28. God / A. Divine Nature / 6. Divine Morality / d. God decrees morality
The source of all justice is Zeus and the universal nature [Chrysippus]
     Full Idea: It is not possible to discover any other beginning of justice or any source for it other than that from Zeus and from the universal nature.
     From: Chrysippus (fragments/reports [c.240 BCE], fr 326), quoted by Plutarch - 70: Stoic Self-contradictions 1035c
     A reaction: If the source is 'universal nature', that could agree with Plato, but if the source is Zeus, then stoicism is a religion rather than a philosophy.
Stoics teach that law is identical with right reason, which is the will of Zeus [Chrysippus, by Diog. Laertius]
     Full Idea: Stoics teach that common law is identical with that right reason which pervades everything, being the same with Zeus, who is the regulator and chief manager of all existing things.
     From: report of Chrysippus (fragments/reports [c.240 BCE]) by Diogenes Laertius - Lives of Eminent Philosophers 07.1.53
29. Religion / B. Monotheistic Religion / 1. Monotheistic Religion
Stoics teach that God is a unity, variously known as Mind, or Fate, or Jupiter [Chrysippus, by Diog. Laertius]
     Full Idea: Stoics teach that God is unity, and that he is called Mind, and Fate, and Jupiter, and by many names besides.
     From: report of Chrysippus (fragments/reports [c.240 BCE]) by Diogenes Laertius - Lives of Eminent Philosophers 07.Ze.68
29. Religion / D. Religious Issues / 2. Immortality / b. Soul
Death can't separate soul from body, because incorporeal soul can't unite with body [Chrysippus]
     Full Idea: Death is a separation of soul from body. But nothing incorporeal can be separated from a body. For neither does anything incorporeal touch a body, and the soul touches and is separated from the body.

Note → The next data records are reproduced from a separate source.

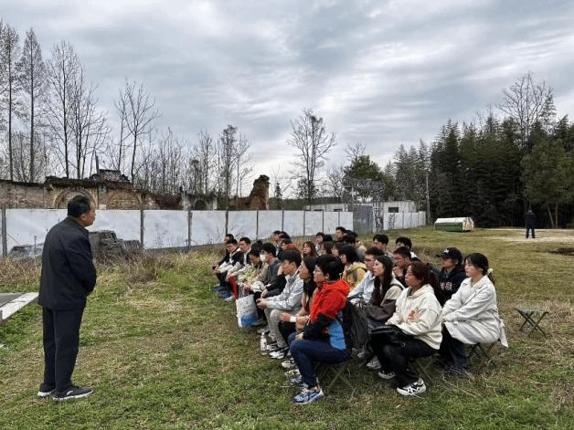 在国立西北工学院旧址旁,党员们认真聆听了城固县博物馆原馆长苟保平老师的现场授课。馆长以其丰富的实践积累和深刻的解读,向党员们再现了抗日战争时期,诞生于民族危亡之际的国立西北联合大学经历了“自合至分”和“辗转迁徙”的发展轨迹,西北联大分至五校之一的国立西北工学院的学子们不畏艰难、刻苦求学的感人事迹。艰苦的办学条件与严谨治学的校风并存,深山幽谷之中学生们勤奋苦读使得古路坝教室的煤油灯火彻夜不灭,师生们用亲身经历实践了教育救国、科技救国的价值理念。正是凭借着这样的精神与情怀,古路坝先后走出了“中国航天材料之父”师昌绪、清华大学原校长高景德等十余位两院院士。“古路坝灯火”激励着后人追忆教授们教育救国的理念,激励学子们以学报国的情怀。
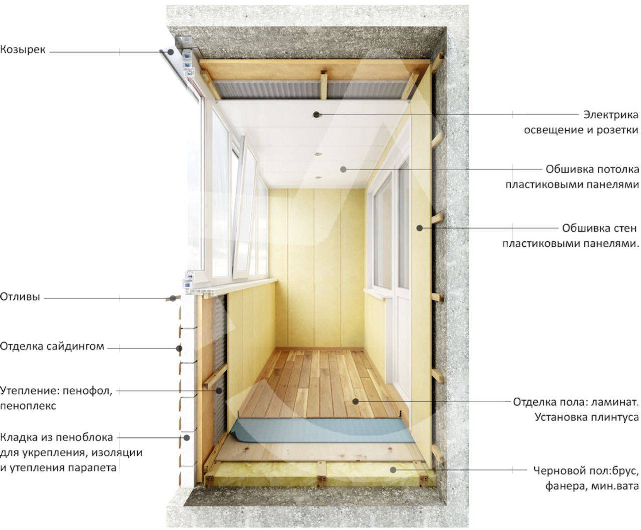 Отделка балкона
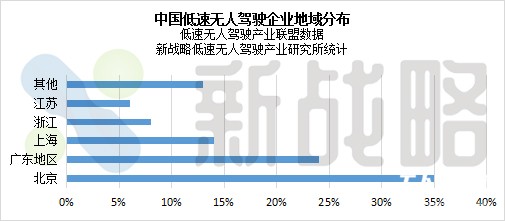《报告》显示,目前中国市场涉及低速无人驾驶技术研发及应用的企业约为500家,包括创业公司、互联网企业、传统车企及相关产业链上下游企业等。且分布较为集中,北京、广东和江浙沪地区占据了绝大多数份额。

Therefore the soul is not incorporeal.
     From: Chrysippus (fragments/reports [c.240 BCE]), quoted by Tertullian - The Soul as an 'Astral Body' 5.3
     A reaction: This is the classic interaction difficulty for substance dualist theories of mind.
29. Religion / D. Religious Issues / 3. Problem of Evil / d. Natural Evil
There is a rationale in terrible disasters; they are useful to the whole, and make good possible [Chrysippus]

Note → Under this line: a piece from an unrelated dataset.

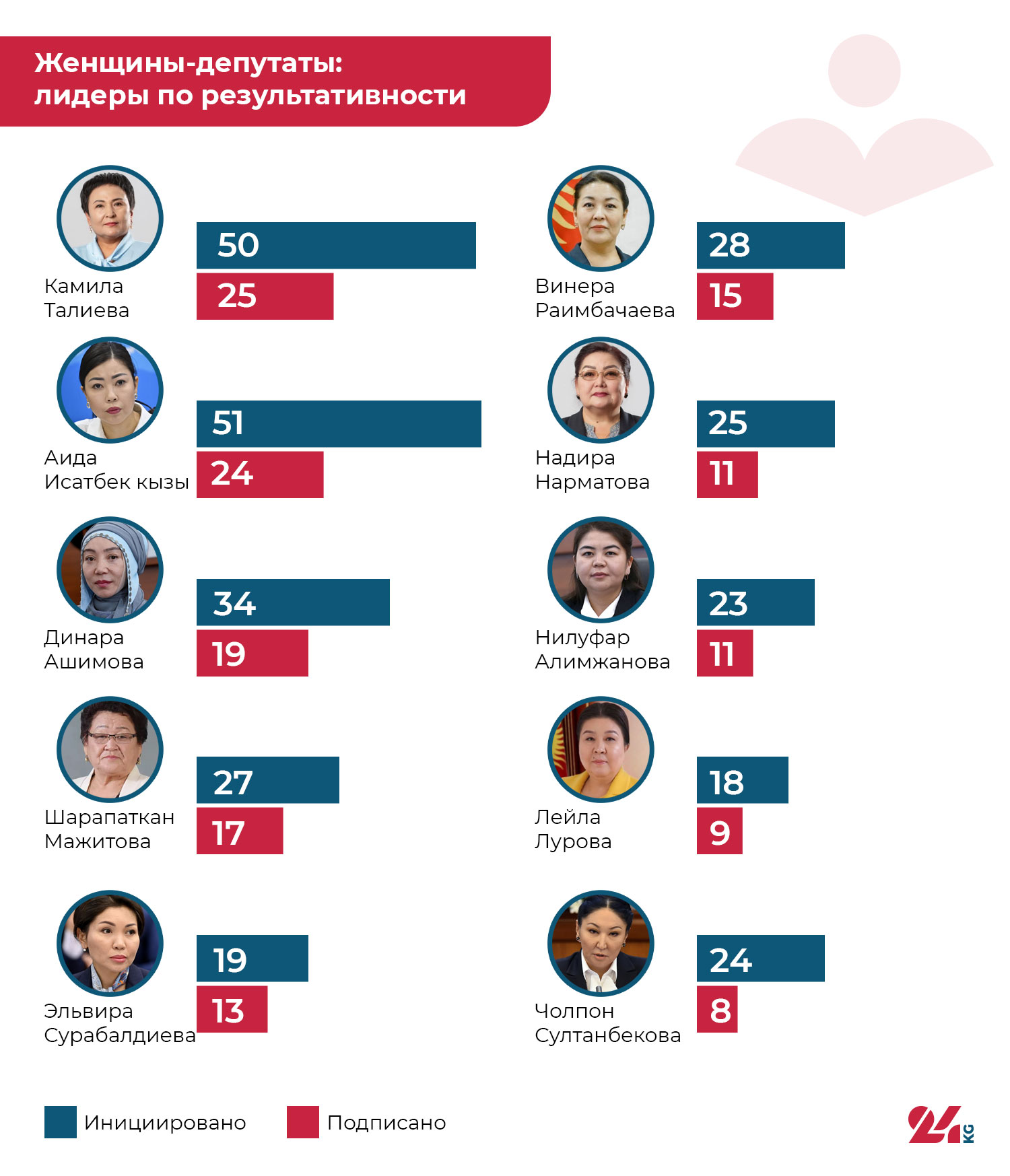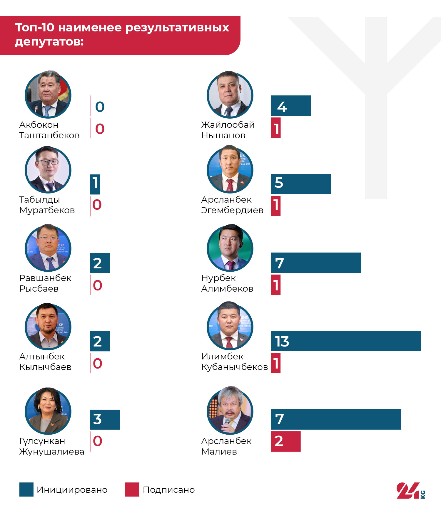 24.kg проанализировало данные об инициированных и соавторских законопроектах депутатов. Для объективности мы сложили оба показателя: сколько инициатив нардеп внес лично и сколько поддержал как соавтор. Итоговый критерий — общее количество законов, подписанных президентом. Данные предоставлены Жогорку Кенешем.

     Full Idea: The evil which occurs in terrible disasters has a rationale [logos] peculiar to itself: for in a sense it occurs in accordance with universal reason, and is not without usefulness in relation to the whole. For without it there could be no good.
     From: Chrysippus (fragments/reports [c.240 BCE]), quoted by A.A. Long - Hellenistic Philosophy 4.4.5
     A reaction: [a quotation from Chrysippus. Plutarch, Comm Not 1065b] A nice question about any terrible disaster is whether it is in some way 'useful', if we take a broader view of things. Almost everything has a good aspect, from that perspective.